Given new technology for incinerators, the white smoke that is often seen in photographs and described as “pollution” is actually steam. Incinerators are regulated for air quality, and a Jan. 23, 2017, article noted that Minnesota regulators are pushing municipal solid waste haulers toward WTE.

The study says that landfills are bad because “20% of all human-caused methane, a greenhouse gas 84 to 87 times more potent than CO2 over a 20-year period, has come from landfills.” PIRG also mentions that landfills can leach fluid that contains a variety of “hazardous, toxic or carcinogenic chemical contaminants into groundwater.”
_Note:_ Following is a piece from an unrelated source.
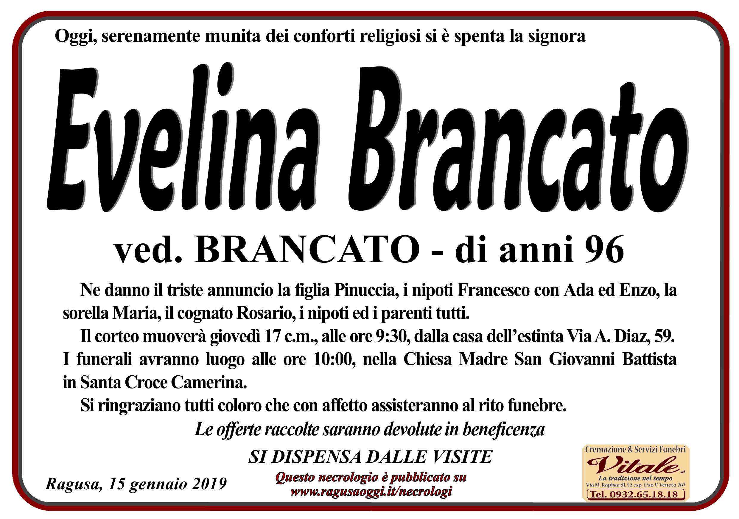 Necrologi: Evelina Brancato

However, most landfills are sanitary (or sealed) that use—wait for it—heavy-weight plastic liners to encase the garbage, which means that nothing in a landfill degrades and leakage is virtually impossible.

The study notes that recycled materials lack markets but fails to mention that, according to a report on Postconsumer PET Container Recycling Activity in 2017 from the National Association for PET Container Resources (NAPCOR), approximately 5,913 million pounds of PET bottles were sold into the marketplace in the U.S. About 29.2% of those—1,726 million pounds—were collected through recycling programs and sold either to domestic or foreign markets. The volume of PET bottles available for recycling in the U.S. declined in 2017 for the first time since 2009.

Many PET recyclers are operating below capacity and could use more than the mere 30% of bottles currently being recycled. There is a market for rPET, and part of the answer is to educate consumers about this demand and the importance of recycling PET bottles. As I’ve been told often, we can’t recycle it if we can’t get our hands on it!

Eliminating single-stream curbside collection would go a long way to helping cities throughout the United States that curtailed curbside collection and recycling programs because of the cost involved.

The study also takes a swipe at polystyrene foam material, noting that it “is one of the most harmful” and its “recycling options are even more limited than other common forms of plastic.” In 2018, a state polystyrene foam ban lost by a single vote in the Oregon senate, with the measure “heavily opposed by the company Agilyx,” which chemically down-cycles PS foam into fuel. PIRG doesn’t approve of this and says companies that engage in the down-cycling plastics to fuel process “are sometimes more akin to fossil-fuel generators than recyclers,” said the study.

So once again we have an organization that doesn’t like any advances in technology to help solve the plastic waste problem and rejects most scientific methods to tackle the issue. As for the industry, we’re damned if we do and damned if we don’t.